◆ Action item ◆
Copy exactly. Begin at the line containing "Giubbino sartoriale in" and stop at the last line of the entries, omitting any pictures.

Dataset excerpts:
******
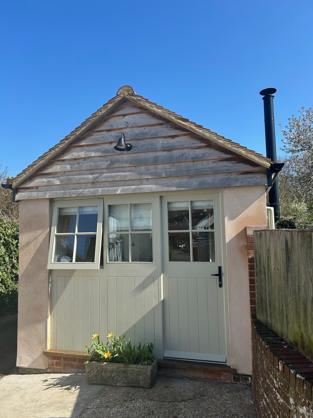 Situado en el encantador pueblo de Hambledon, dentro del Parque Nacional South Downs, el anexo tiene una cocina totalmente equipada, una acogedora sala de estar con estufa de leña y un dormitorio doble con puertas de patio que conducen a su jardín cerrado. Hay senderos pintorescos a la vuelta de la esquina y está a poca distancia a pie del Old Forge Tea Room, un pub local y una tienda bien surtida del pueblo. Todavía dentro del pueblo, tómate el tiempo para visitar el viñedo comercial más antiguo de Inglaterra, con su galardonado vino espumoso y restaurante.
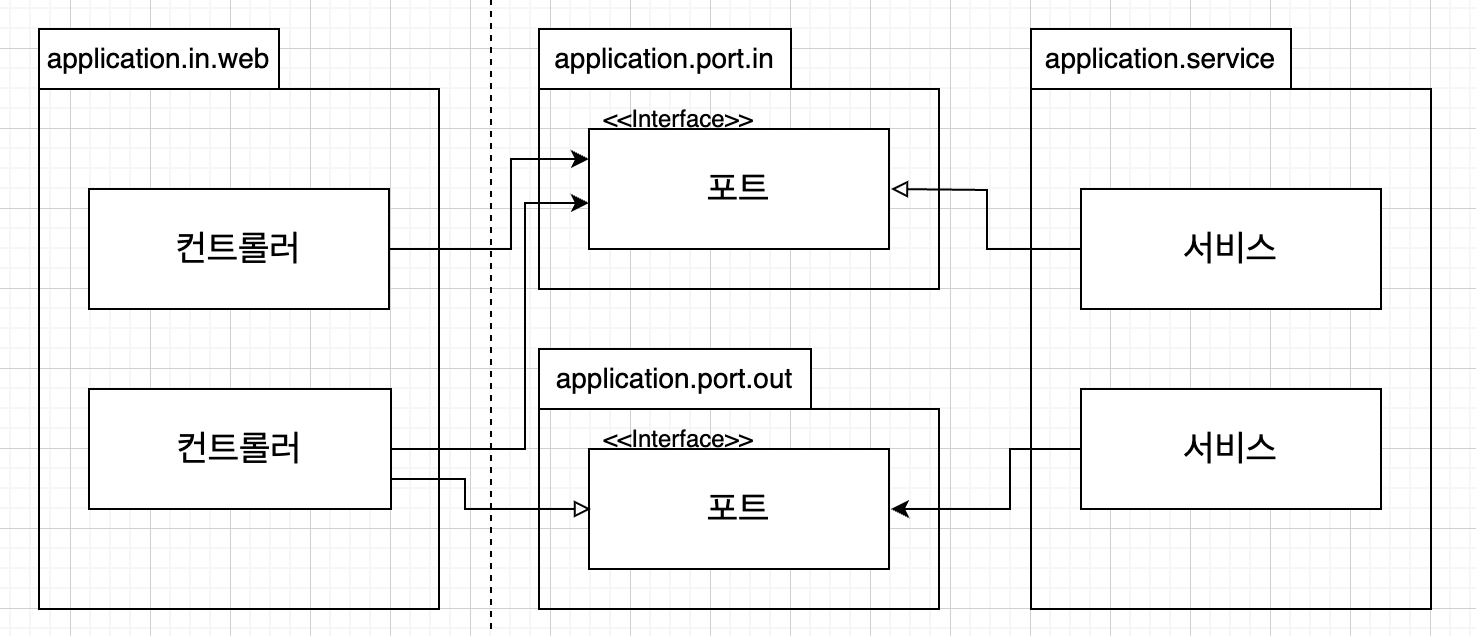 애플리케이션 계층은 웹 어댑터가 통신할 수 있는 특정 포트를 제공한다. 서비스는 이 포트를 구현하고, 웹 어댑터는 이 포트를 호출할 수 있다.
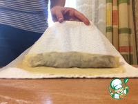 У скрученного рулетика залепляем краяи заворачиваем его в улитку |
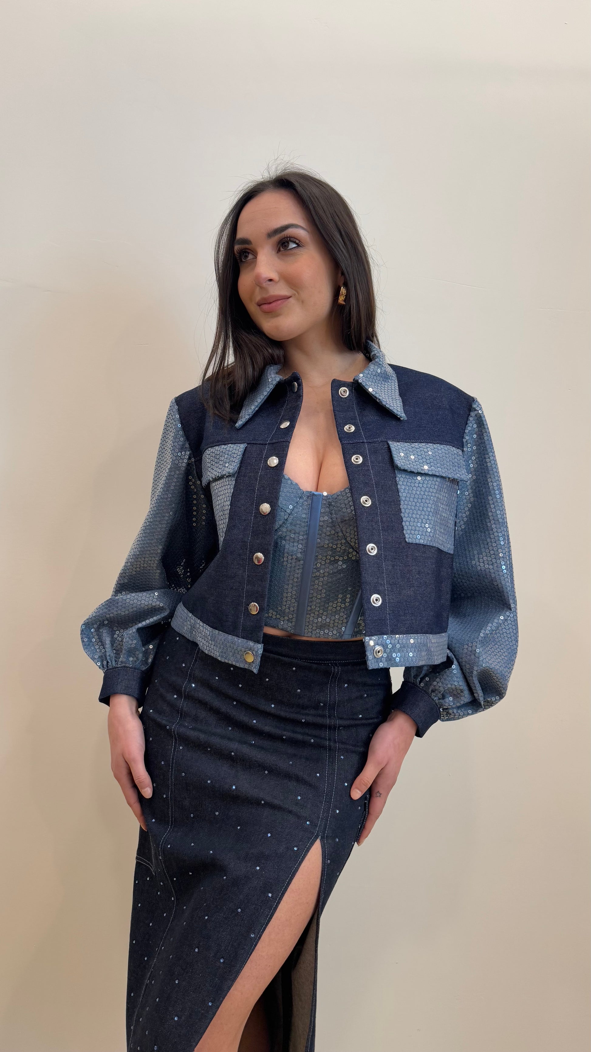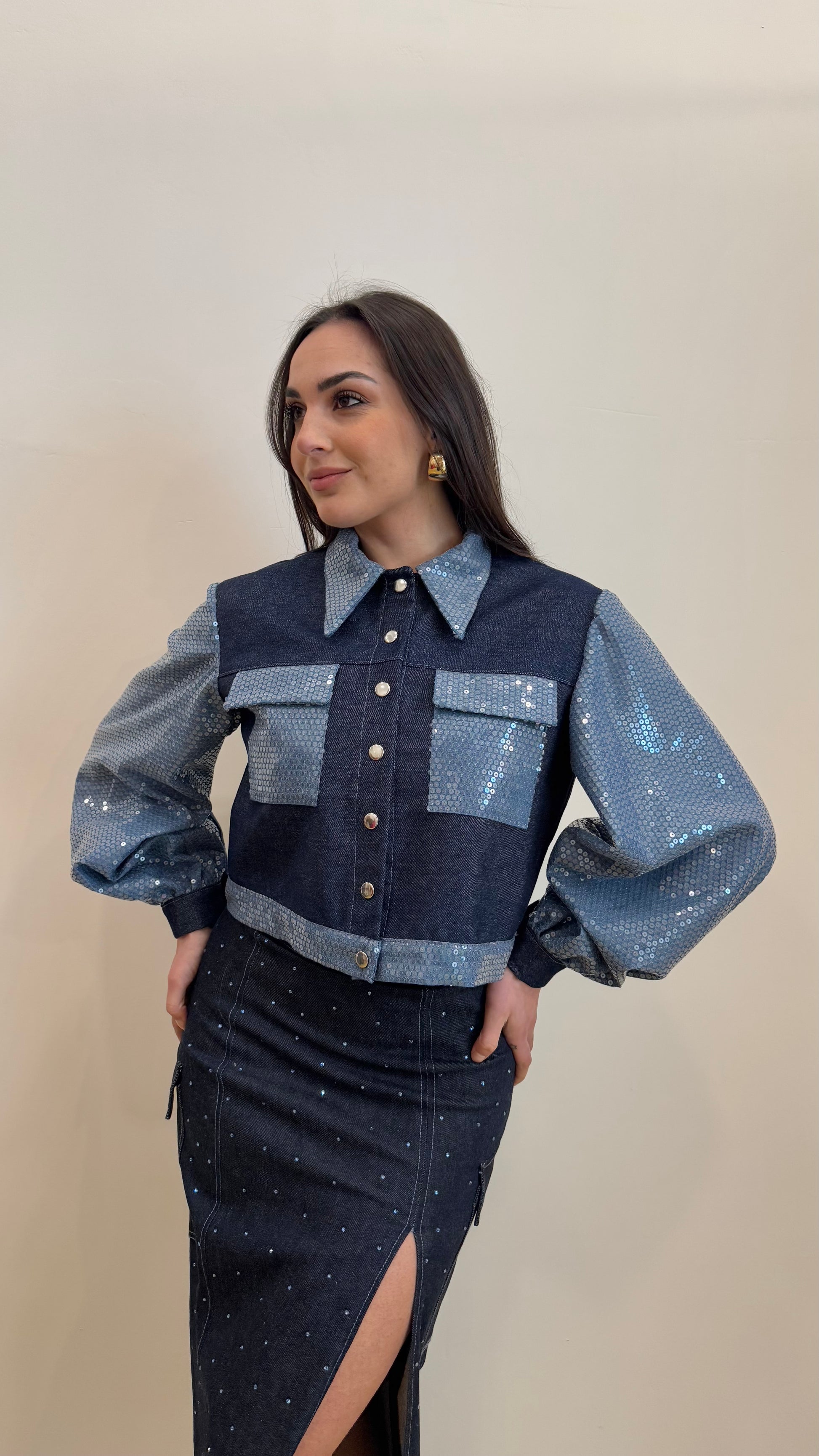 Giubbino sartoriale in denim blu, con maniche ampie e tasche realizzate in un particolare tessuto in denim ricamato con paillettes trasparenti, che riflettono la luce donando un tocco brillante e glamour. La vestibilità comoda e le ampie maniche, rifinite da un polsino, lo rendono perfetto per completare qualsiasi look con personalità e stile. Un mix equilibrato tra casual e glam, ideale per chi ama distinguersi nei dettagli.
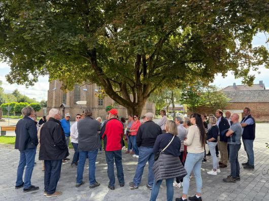 Über 40 Teilnehmer konnte der Geschichtsverein in der Gemeinde Niederzier zum Tag des Offnen Denkmals beim Rundgang durch Hambach begrüßen. Unter Führung der beiden ortskundigen Ulrich Fischer und Günther Dahmen erfuhren die Anwesenden sowohl geschichtliche Hintergründe als auch die eine oder andere persönliche Anekdote über die einzelnen historisch bedeutsamen Gebäude des Ortes wie z.B. Burg Obbendorf, die Pfarrkirche St. Antonius oder das ehemalige landesherrliche Schloss Hambach. Nach über 2 Stunden fand der Rundgang beim ehemaligen Forsthaus seinen Abschluss.
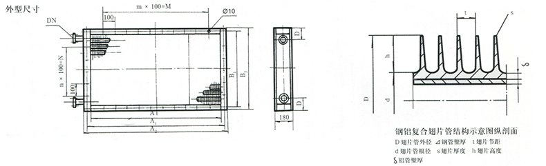 | 外徑D(mm) | 翅片高度h(mm) | 翅片厚度s(mm) | 翅片節(jié)距t(mm) | 鋁管壁厚h(mm) | 鋼管壁厚h(mm) | 總外表面積Sw(m²/m) |
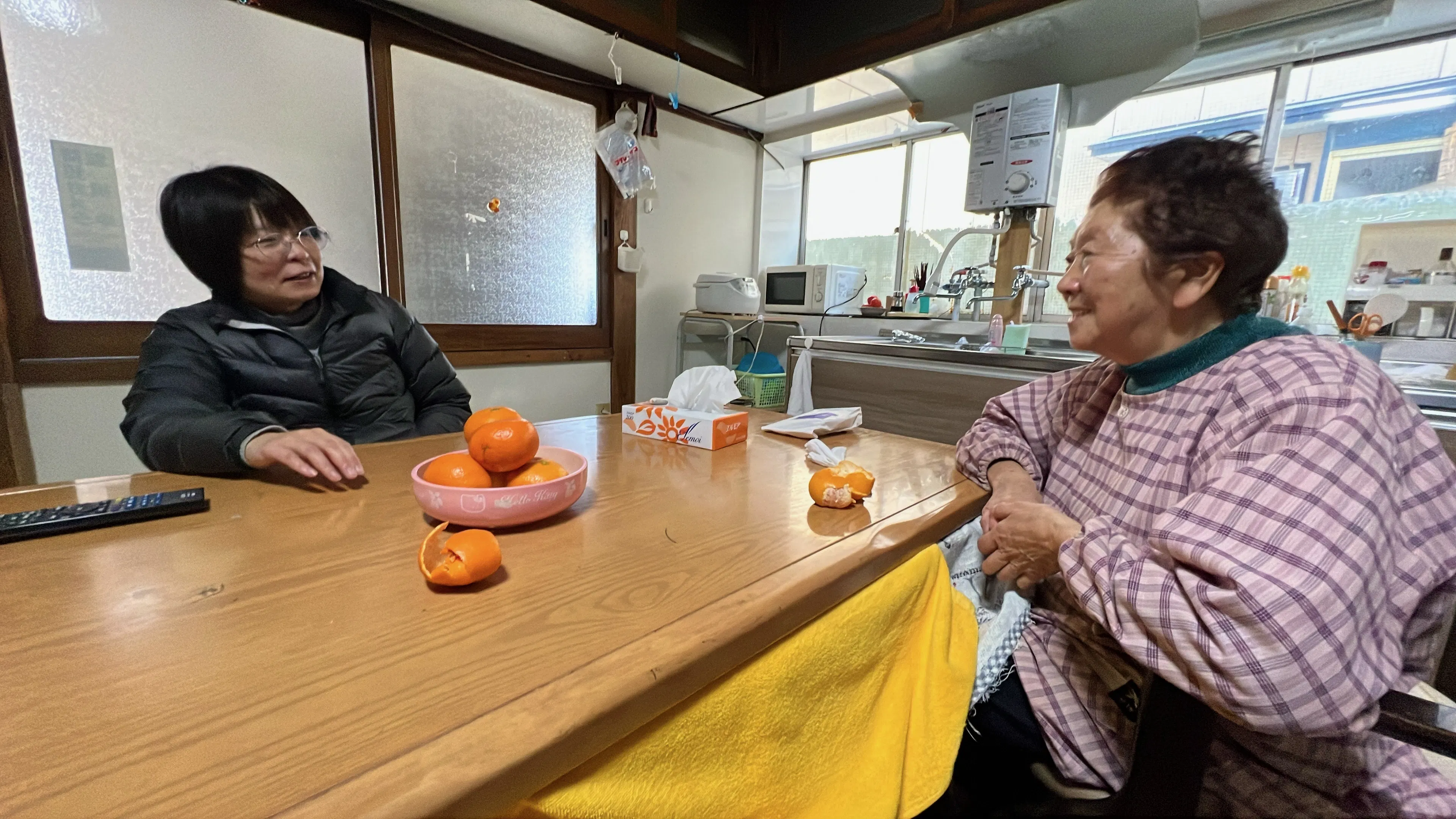 写真右がトシさん。いつもトシさんちでお茶やみかんを頂き和んでいます。
******
◆ Exercise solution ◆
 Giubbino sartoriale in denim blu, con maniche ampie e tasche realizzate in un particolare tessuto in denim ricamato con paillettes trasparenti, che riflettono la luce donando un tocco brillante e glamour. La vestibilità comoda e le ampie maniche, rifinite da un polsino, lo rendono perfetto per completare qualsiasi look con personalità e stile. Un mix equilibrato tra casual e glam, ideale per chi ama distinguersi nei dettagli.
 Über 40 Teilnehmer konnte der Geschichtsverein in der Gemeinde Niederzier zum Tag des Offnen Denkmals beim Rundgang durch Hambach begrüßen. Unter Führung der beiden ortskundigen Ulrich Fischer und Günther Dahmen erfuhren die Anwesenden sowohl geschichtliche Hintergründe als auch die eine oder andere persönliche Anekdote über die einzelnen historisch bedeutsamen Gebäude des Ortes wie z.B. Burg Obbendorf, die Pfarrkirche St. Antonius oder das ehemalige landesherrliche Schloss Hambach. Nach über 2 Stunden fand der Rundgang beim ehemaligen Forsthaus seinen Abschluss.
 | 外徑D(mm) | 翅片高度h(mm) | 翅片厚度s(mm) | 翅片節(jié)距t(mm) | 鋁管壁厚h(mm) | 鋼管壁厚h(mm) | 總外表面積Sw(m²/m) |
 写真右がトシさん。いつもトシさんちでお茶やみかんを頂き和んでいます。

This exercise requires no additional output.